Stored dataset items -
[Start of Attachment]

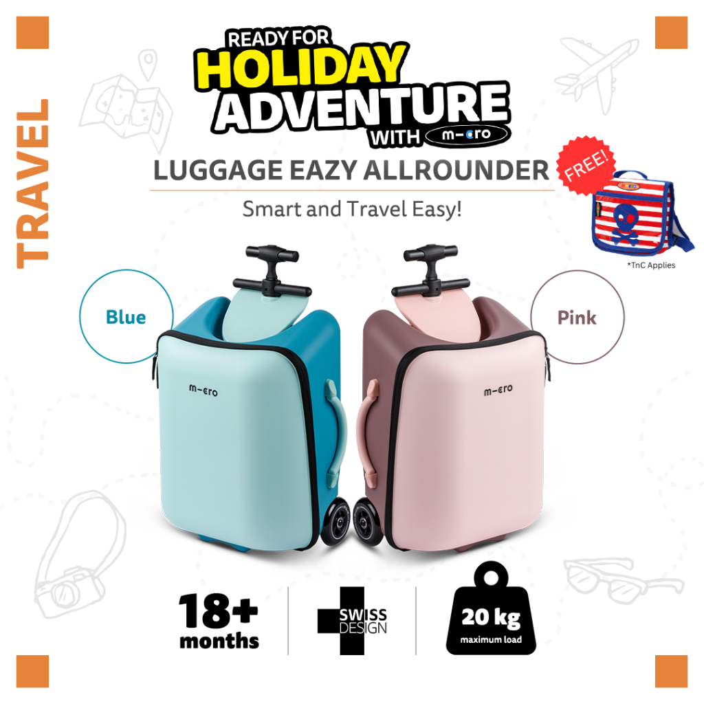 [HADIAH GRATIS] Micro Luggage Eazy All Rounder Pink and Blue - Koper Cabin Multifungsi Travelling & Belanja dengan Anak Warna Pink dan Biru
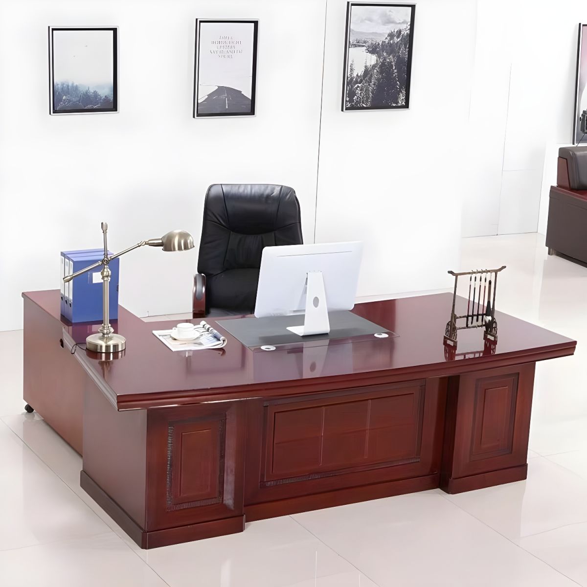 The ergonomic design of the desk ensures comfort during extended working hours, promoting productivity and focus. Its versatile design integrates seamlessly into various office décors, from contemporary to classic styles, making it a centerpiece for any executive office.
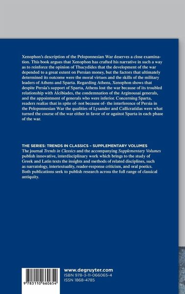 The advances in Xenophontic studies of the last generation have still not resulted in a definitive literary treatment of the Hellenica 1-2, so Xenophon's description of the Peloponnesian War deserves closer examination. This book aims to show that Xenophon has crafted his narrative in such a way as to reinforce the opinion of Thucydides, whose work he continued, that the development of the Peloponnesian War depended to a great extent on Persian money, but the factors that ultimately determined its outcome were the moral virtues and the skills of the military leaders of Athens and Sparta. Regarding Athens, Xenophon wants to show that despite Persia's support of Sparta, Athens lost the war because of its troubled relationship with Alcibiades; the moral disintegration of the Athenians who condemned illegally the Arginousai generals and the appointment of generals who were greatly inferior. Concerning Sparta, Xenophon leads his readers to believe that in spite of- not because of- theinterference of Persia in the Peloponnesian War the moral and military qualities of Lysander and Callicratidas were what turned the course of the war either in favor of or against Sparta in each phase of the war.
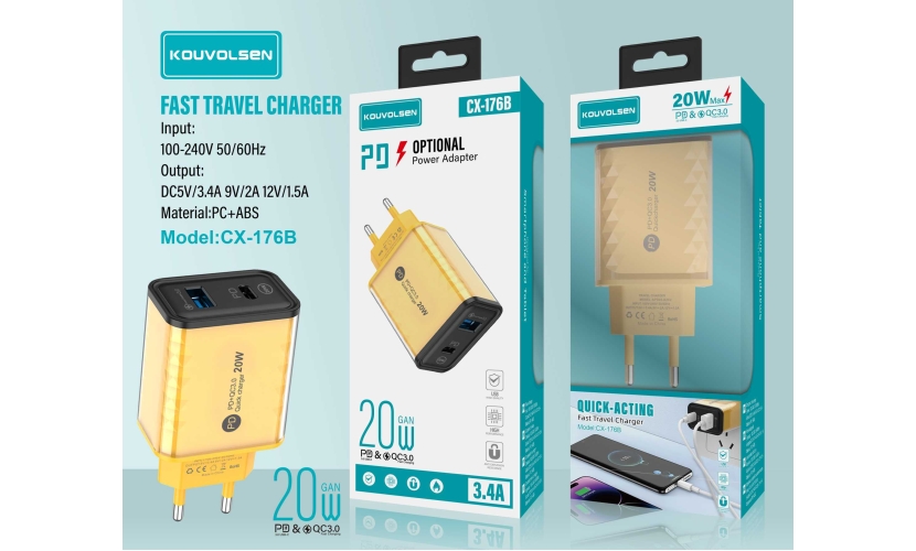 Αντάπτορας φόρτισης πρίζας Fast Charge με 2 θύρες USB-A & USB Type-C. Υποστηρίζει γρήγορη φόρτιση ισχύος έως και 20W. Χρώμα: Κίτρινο. Input: 100-240V 50-60Hz. Output 1: 5V/3A 9V/2A 12V/1.5A. Output 2: 5V/3A 9V/2A 12V/1.5A. Max Power: 20W.
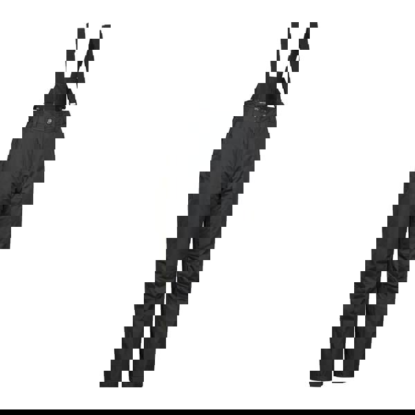 The design includes an elasticated waist with belt loops and detachable braces. A button fastening and zip fly provide a secure closure, while two zipped side pockets offer practical storage.
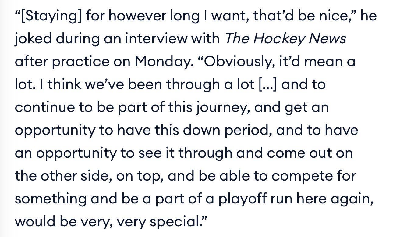 He won a cup, he doesnt have to chase one, he knows if he stays there is extra money for playing on a rebuilding team, the front office are familiar to him. Its really not a shock and its a nobrainer he wants to stay.
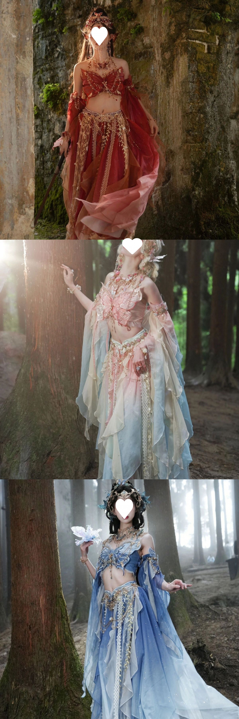 Синий топ + юбка + рукава с перьями + аксессуары для топа; Красный топ + юбка + рукава с перьями + аксессуары для топа; Фиолетовый топ + юбка + рукава с перьями + аксессуары для топа; Розовый топ + юбка + рукава с перьями + аксессуары для топа; Зеленый топ + юбка + рукава с перьями + аксессуары для топа; Черный топ + юбка + рукава с перьями + аксессуары для топа

[End of Attachment]

Description of the task -
Print the lines from the one holding "The design includes" through the last line of the records, word for word, and omit the pictures.

Your solution -
 The design includes an elasticated waist with belt loops and detachable braces. A button fastening and zip fly provide a secure closure, while two zipped side pockets offer practical storage.
 He won a cup, he doesnt have to chase one, he knows if he stays there is extra money for playing on a rebuilding team, the front office are familiar to him. Its really not a shock and its a nobrainer he wants to stay.
 Синий топ + юбка + рукава с перьями + аксессуары для топа; Красный топ + юбка + рукава с перьями + аксессуары для топа; Фиолетовый топ + юбка + рукава с перьями + аксессуары для топа; Розовый топ + юбка + рукава с перьями + аксессуары для топа; Зеленый топ + юбка + рукава с перьями + аксессуары для топа; Черный топ + юбка + рукава с перьями + аксессуары для топа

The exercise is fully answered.